Beginning what will be a long orthopaedic tradition, the ICRC in Yemen starts a program for war amputees. Starting in March 1964, a delegate accompanies small groups of amputees to Cairo's Red Crescent Hospital, where they are treated. Prosthesis are made and fitted at the Aguzah Rehabilitation Center, near the Egyptian capital. The ICRC pays for the treatment while the United Emirates pay for the Sana'a-Cairo flights. By the end of 1964, 24 amputees have been rehabilitated and hundreds of crutches have been distributed in Sana'a.
The ICRC further expands its activities in both royalist and republican Yemen in 1965. Fighting continues in several areas until the autumn. Visits to soldiers held in remote royalist areas continue. Royalists are visitied in both Sana'a and Taiz. The Field Hospital at Uqd remains extremely busy during the first half of the year. On several occasions, the staff there are unable cope with the massive influx of wounded.
A ceasefire is negotiated at Jeddah at the end of the summer but the ICRC continues its visits to prisoners into the Fall of '65. Delegates organize the exchanges and repatriations of prisoners of war and political detainees as negotiated by the parties at Jeddah. In fact, the first meetings between representatives of the Egyptian military and those of royalist forces take place inside the Field Hospital at Uqd under ICRC auspices.
There, where thousands have been treated, the ICRC works with the parties to organize the exchange of detainees that effectively bring that phase of the conflict to an end in November.
On the republican side, several medical outposts are set in and around Sana'a in 1965, some staffed by a single doctor seconded by a nurse. Wherever the ICRC is present, hundreds of people seek treatment. A team moves south to Qataba mid-year, treating over 2,000 people. Doctors also work in Dhammar, between Sana'a and Taiz, where no medical personnel has been present for several months. In Manakha, between Sana'a and Hodeidah, the ICRC doctors start an antivariolic vaccination campaign in city schools and surrounding villages. The orthopaedic program proceeds apace, with four groups of amputees flying from Sana'a to Cairo and back. Sana'a war orphans continue to fed and provided with clothes. Throughout 1965, two tons of powder milk is distributed monthly. Food and clothes are also provided throughout the city; distribution include milk, cheese, tuna, sardines, soap and, sometimes, cigarettes.

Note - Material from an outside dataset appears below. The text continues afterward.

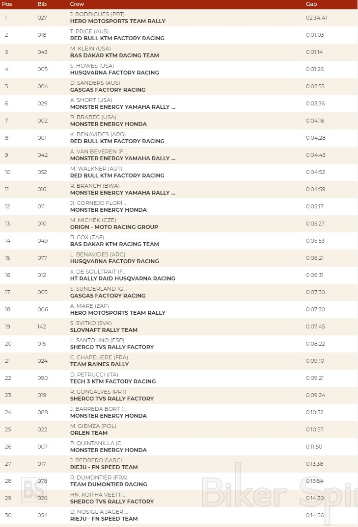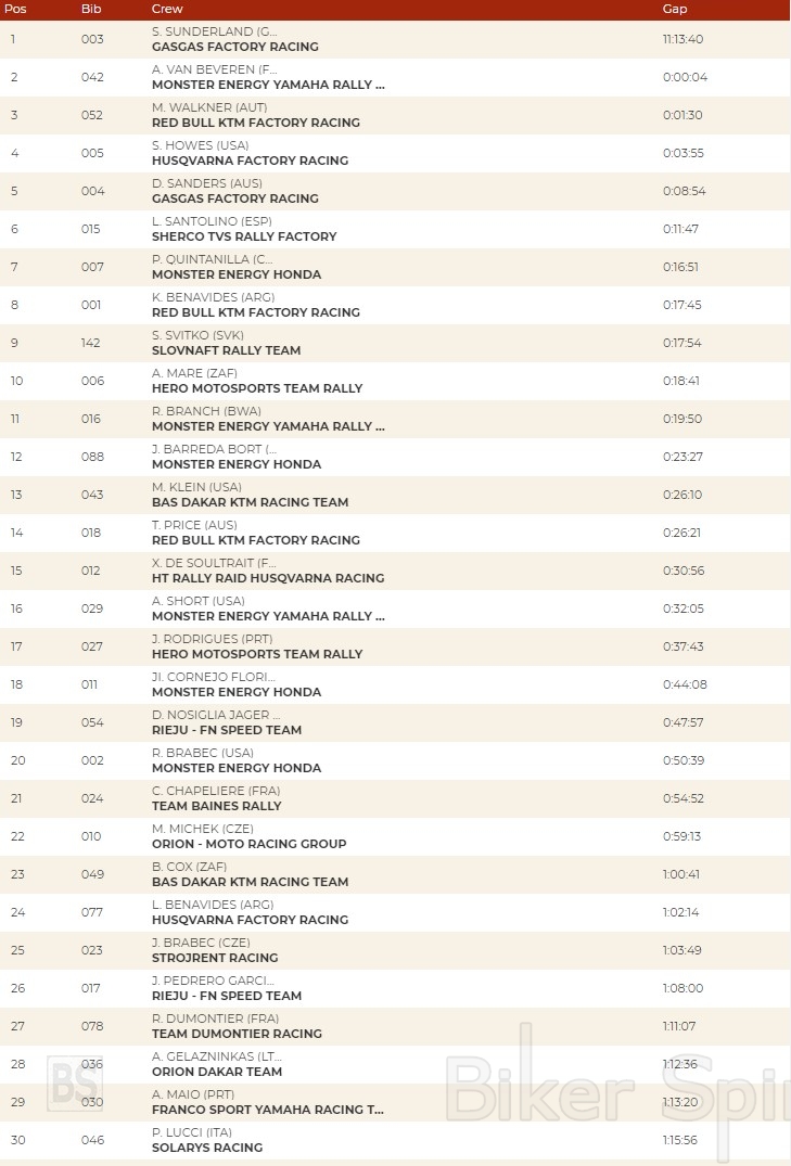 Ο Sam Sunderland τερματίζει στη 17η θέση με 7′ 30” καθυστέρηση, αλλά παρόλα αυτά ο οδηγός της GasGas συνεχίζει να διατηρεί την πρώτη θέση στην κορυφή της γενικής κατάταξης. Αλλά είναι ένα πολύ μικρό πλεονέκτημα, δεδομένου ότι ο Van Beveren, που πήγε καλύτερα από αυτόν σήμερα, είναι μόλις 4 δευτερόλεπτα πίσω του. Επίσης και ο Walkner πλησιάζει, με ενάμιση λεπτό από την κορυφή, στην γενική κατάταξη

Uqd Field Hospital closes its doors in November 1965 in the wake of the Jeddah accords and the cessation of hostilities. A dispensary remains. It is visited by over 100 patients a day until the end of the year. During its existence - from November 1963 to November 1965 - doctors at the hospital have performed 2,088 surgeries. Sixty thousand five hundred consultations have been provided. Eight teams and a total of 186 persons have worked at Uqd.
Despite the ceasefire agreements of 1965, hostilities erupt again in early 1966. The ICRC had intended to progressively terminate its action in the country but it now decides to maintain a presence on both sides. Two medical teams operate on the republican side. One is in Zehid, on the coastal area the second in Beit-el-Fagih, south of Hodeida. They include the first doctors to ever work in these utterly destitute areas.
Clinibox is now a dispensary located in Najran, on Saudi territory. In the course of a month, over 1,000 patients are treated before it is definetely shut down on February 3rd, 1966. No other organization can run the facility so the ICRC hands it over to the royalist leaders who control the area, hoping they will find the means to provide for the local population.
The delegation believes it is ending its action in north Yemen at that point, but fighting erupts once again and medical teams are sent back to the field that August in the Jauf area, near the frontlines. Rapidly, the operation extends towards the north. This second phase of the ICRC's response to the conflict is challenging in its own right, with staff working completely on its own and constant logistical and security challenges. The response continues throughout 1967, with three or four medical teams present in the field without interruption.
On January 5th, 1967, over 120 civilians, many of them women and children, are killed during the bombardment of Ketaf, a Jauf village. Many, including the ICRC, allege that chemical weapons were used. In the wake of this tragic attack, the ICRC publicly appeals to the parties to respect the rules of international humanitarian law and the principle of humanity on January 31st. On May 12th, another bombardment kills 75 civilians in the area. ICRC delegates deploy rapidly to bring relief aid and document the event. Their June 2nd report calls on the parties to respect the 1925 Geneva Protocol, which prohibits chemicals weapons.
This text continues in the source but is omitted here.